"Engineering Evil" a new compelling special premiering November 15, illuminates...

"Engineering Evil" a new compelling special premiering November 15, illuminates how the Holocaust was planned and executed. This photo shows a oven in Buchenwald. Credit: History /

THE DOCUMENTARY

"Engineering Evil"

WHEN | WHERE

Tomorrow at 9 p.m. on History

REASON TO WATCH

An intense overview of the Holocaust

WHAT IT'S ABOUT

Michael Berenbaum, historian and a founder of the Holocaust Memorial Museum, says that to understand the Holocaust, six key terms must be understood -- definition, expropriation, concentration, Einsatzgruppen, deportation and death camps. Each term becomes the subhead for a specific section -- the Einsatzgruppen part, for example, looks at the roving paramilitary death squads responsible for the murder of millions in random or almost impromptu settings like Babi Yar.

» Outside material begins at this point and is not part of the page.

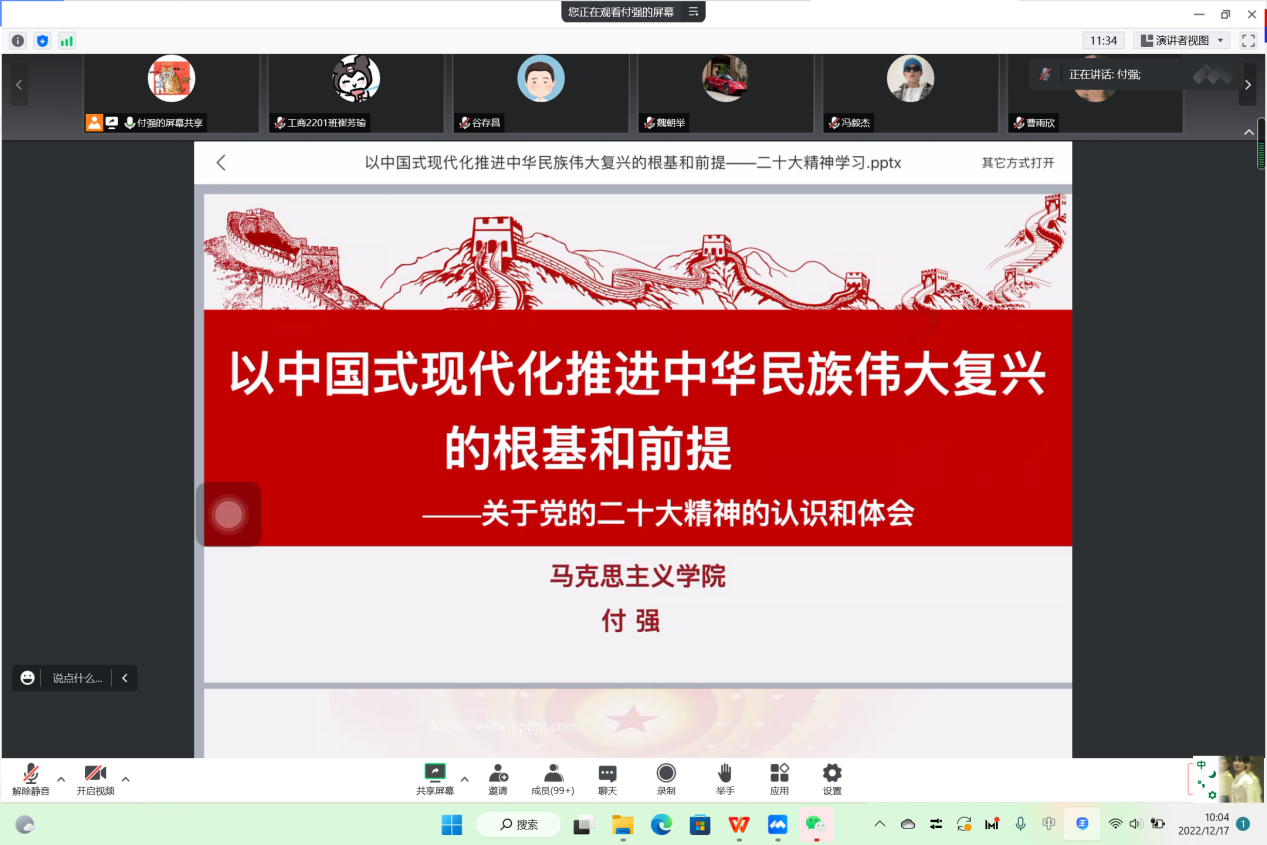 12月17日上午,p站视频 通过线上会议的形式举行了学习贯彻党的二十大精神宣讲会,学校“党的二十大精神宣讲团”成员、马克思主义学院付强博士应邀为书院师生党员作宣讲报告。宣讲会由院党委书记魏朝举主持。
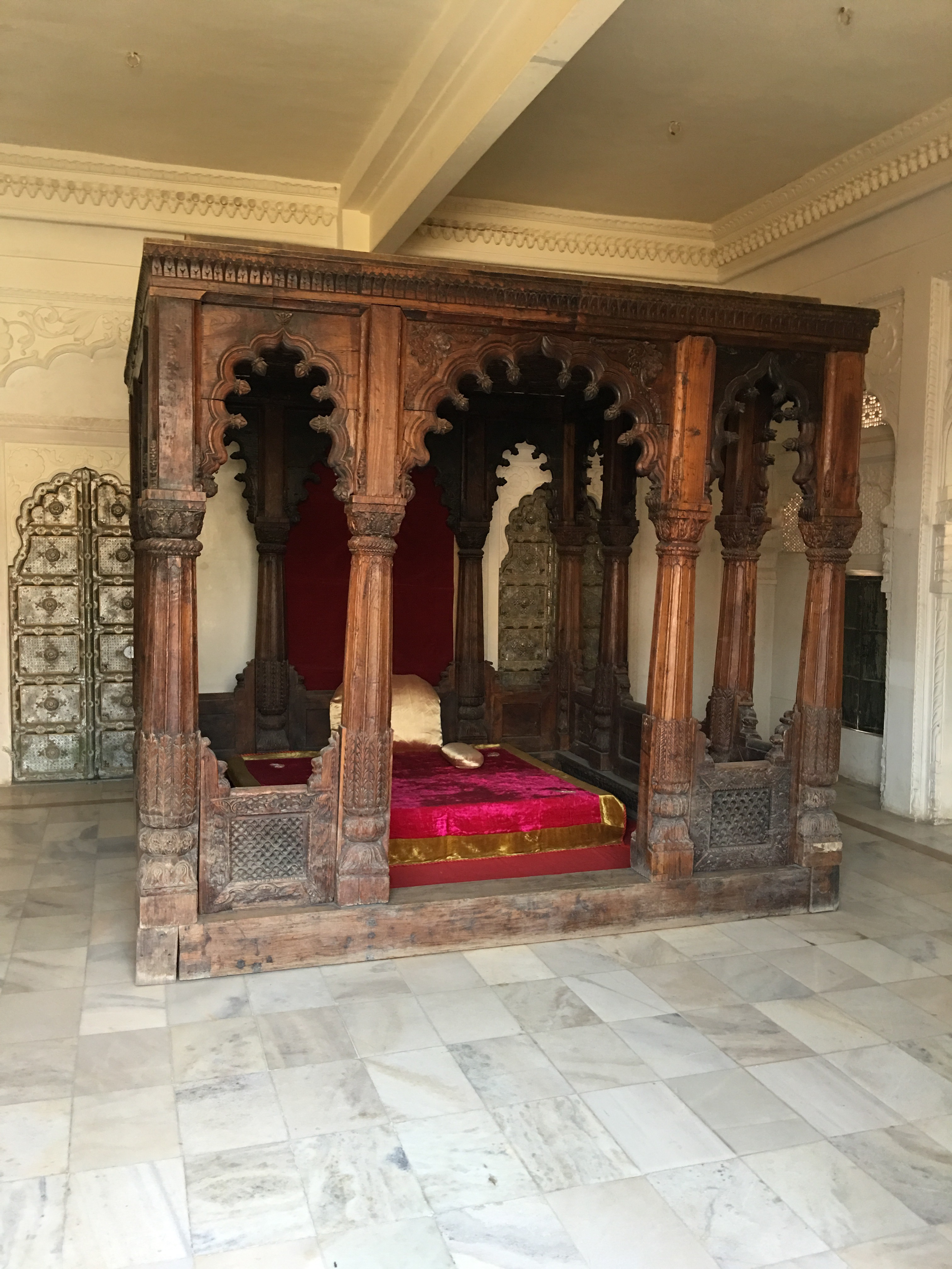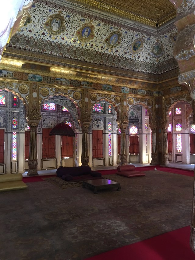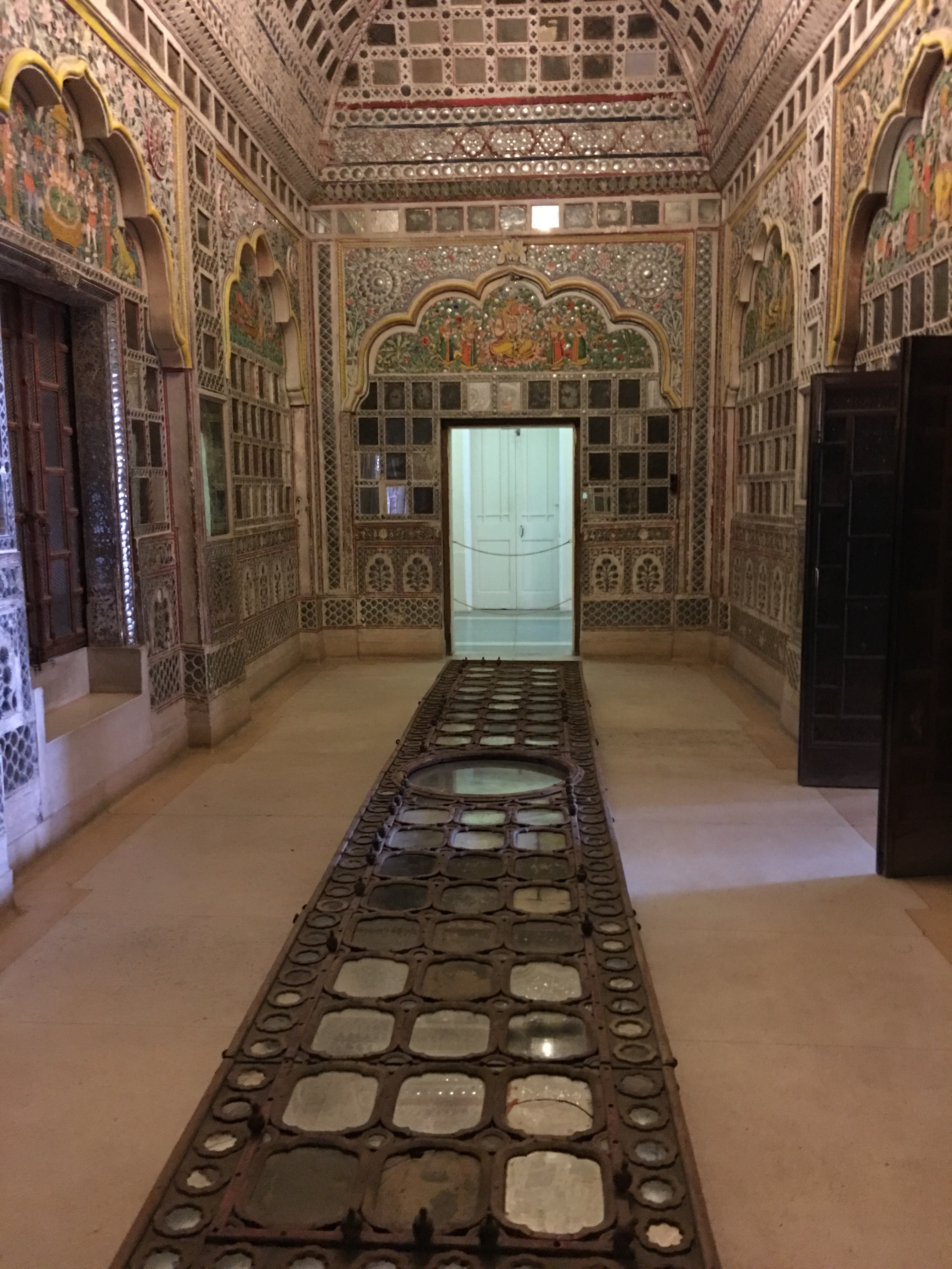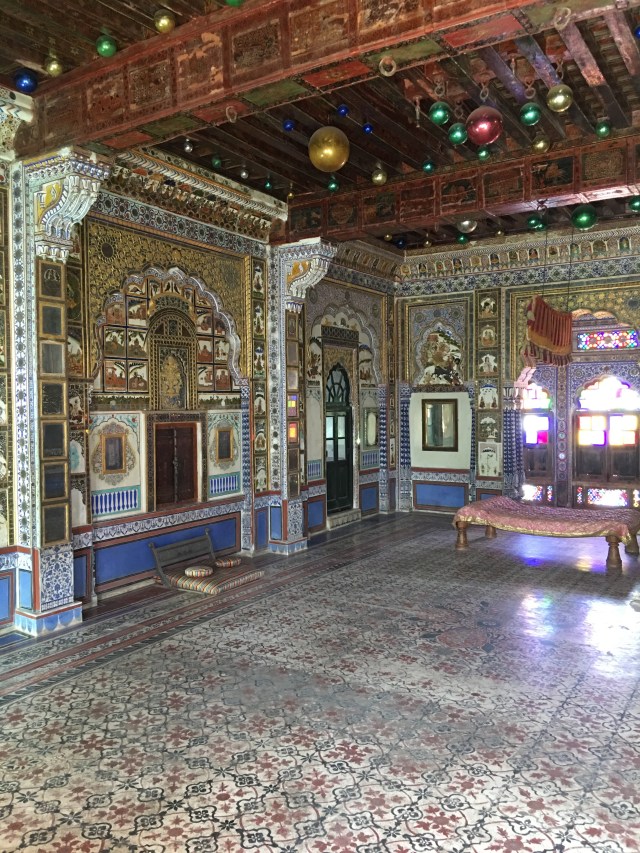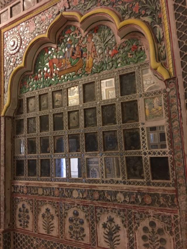 Inside lie marvels of palace rooms glittering with mirrors and ornamentation in which the Maharaja received dignitaries and his harem lived in seclusion high above the populace amongst scented bowers cooled by gentle  breezes.

Auschwitz and Buchenwald are in the section on "death camps," and so on. There is a heavy emphasis on statistics -- the banality of numbers, if you will -- and engineering, specifically the rail transportation of Jews to outposts in occupied territory. Berenbaum also speaks to the sense some must have when visiting places where the perpetrators and victims have long since disappeared: "You see something, but you see something that is also not there. If you don't see something, that looms for you in an extraordinary way." The film often fills in those lost images.

MY SAY

"Engineering Evil" is well produced but not particularly well focused -- a flaw that tends to drain it of power and even emotion at inopportune moments. It has a perfectly understandable impulse to want to tell viewers everything because there is so much to tell. But there is, in fact, too much to tell over the course of a 90-plus-minute documentary -- and it has been told in other Holocaust films by Erik Nelson, who also produced this.

"Engineering Evil" is filled with many details that, after a while, tend to exert their own morbid fascination -- probably not the best reaction you want in viewers -- when just a few might suffice. Take the brief and powerful discussion of Sobibor: Cameras follow an elderly man who points to an open meadow where a barracks once stood, and suddenly, the whole camp is re-created. It's a stunning visual sequence, but what of this man and what else does he have to say? The film rushes on. I wish I could tell you.

BOTTOM LINE

A sprawling look at human history's greatest crime that will leave you drained and depleted -- yet with the nagging sense that there is so much more to tell.